Mr Johnson was told he faced a three-month suspension from Parliament had he not already stepped down as an MP.

He announced his bombshell resignation from Parliament on Friday, formally quitting as MP for Uxbridge and South Ruislip on Monday.

The panel also recommended that he be denied a former members pass that would allow him access to Parliament in future.

In their withering findings, the senior MPs found five grounds on which Mr Johnson misled the Commons, including most centrally by claiming Covid rules and guidance were followed at all times in No10.

He made “repeated contempts” of Parliament by deliberately misleading MPs with his partygate denials before being complicit in a campaign of abuse and intimidation of the committee.

They accused him of seeking to “re-write the meaning of the rules and guidance to fit his own evidence” and of “deliberately closing his mind” to facts about Covid rule breaches in Downing Street.

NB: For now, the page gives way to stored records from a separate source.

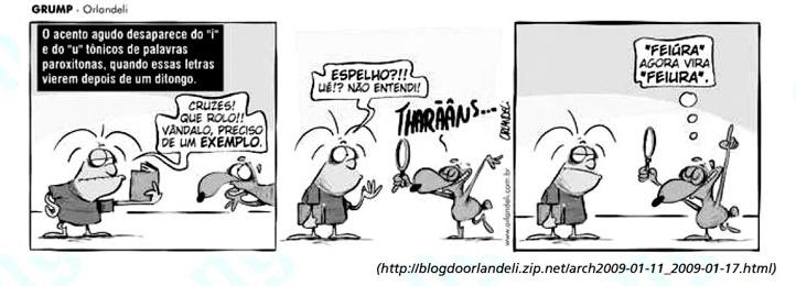 Levando em conta as informações do primeiro quadrinho, identifique a alternativa que apresenta a palavra que também sofreu alterações na acentuação gráfica devido à regra mencionada.
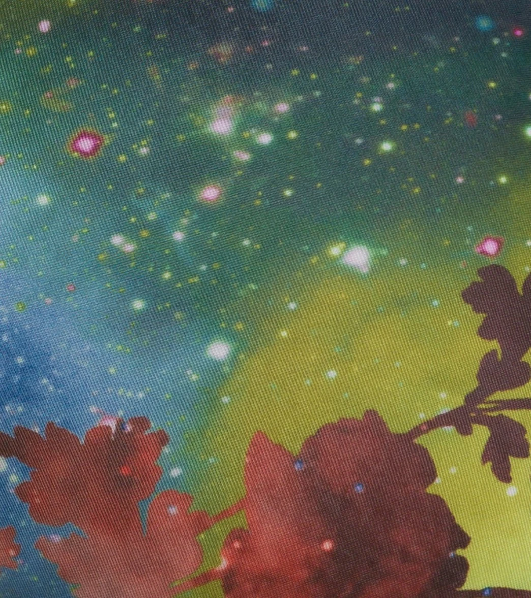 - Shiny, metallic treatment on some colorways.
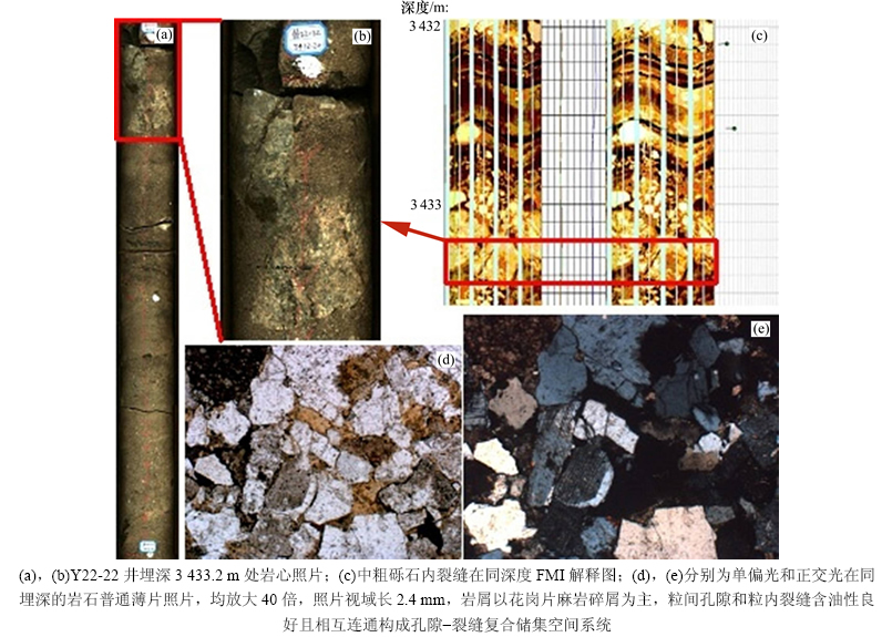 以Y22-22砂砾岩体为例,其主力产层为7小层(图10)。储层评价结果表明:全区除Y22-X8和Y22-X43井外,其余各井平均物性均在有效储层下限之上。其中Y22-42和Y22-X1井区主要发育内扇主沟道微 相,砂砾岩平均孔隙度为4%~6%,基质渗透率为(0.5~1.0)×10-3 μm2,岩心和微观观察表明,其裂缝类型主要为风化缝和成岩缝,为Ⅲ类储层;其他井区主要发育中扇辫状沟道微相,平均孔隙度为4%~10%,基质渗透率为(1~10)×10-3 μm2,岩心和薄片中构造缝和上述各类非裂缝均较为发育,为Ⅱ类储层。综合分析认为,粒度较粗、颗粒支撑、单层厚度适中的中扇亚相辫状沟道砂砾岩中各类裂缝较为发育,裂缝与孔隙交织在一起,构成了沟通良好的孔隙-裂缝复合储集空间系统,是其成为近岸水下扇中最有利的储集相带的重要原因。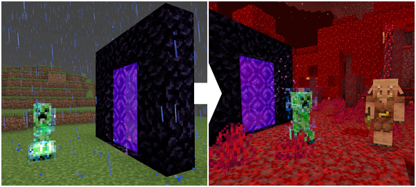 ピグリンをオーバーワールドに連れていく逆パターンもアリですが、十数秒でゾンビピグリンに変わってしまうので、帯電クリーパーをネザーに連れていった方が良いかなと思います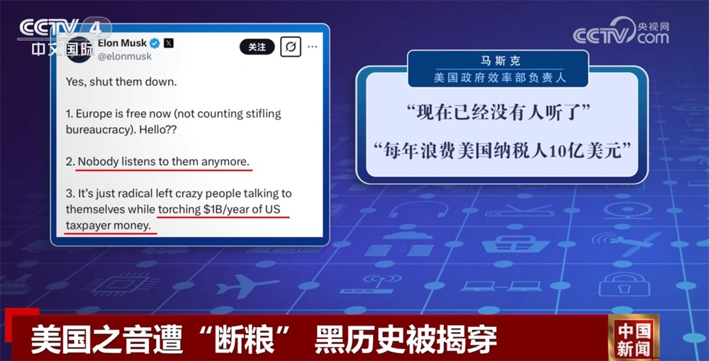 事實(shí)上,“美國(guó)之音”被噤聲早有跡象。2月9日,美國(guó)政府效率部負(fù)責(zé)人馬斯克在社交媒體平臺(tái)發(fā)文稱,美國(guó)之音電臺(tái)、自由歐洲電臺(tái)和自由廣播電臺(tái)等機(jī)構(gòu)“現(xiàn)在已經(jīng)沒人聽了”,它們“每年浪費(fèi)美國(guó)納稅人10億美元?!?/p>

But Mr Johnson slammed the conclusions as “deranged”, claiming the 14-month investigation had delivered “what is intended to be the final knife-thrust in a protracted political assassination”.

He accused the Privileges Committee of making “Mystic Meg” claims and said chairwoman Harriet Harman held “prejudicial views”.

The ex-premier called the committee “beneath contempt” and took particular offence at the panel’s findings about his knowledge of a Christmas cheese and wine gathering in December 2020.

“Perhaps the craziest assertion of all is the committee’s Mystic Meg claim that I saw the December 18 event with my own eyes,” he said.

“How on earth do these clairvoyants know exactly what was going on at 21.58?”

“How do they know what I saw? What retinal impressions have they somehow discovered, that are completely unavailable to me?

“It is a measure of the committee’s desperation that they are trying incompetently and absurdly to tie me to an illicit event - with an argument so threadbare that it belongs in one of Bernard Jenkin’s nudist colonies.”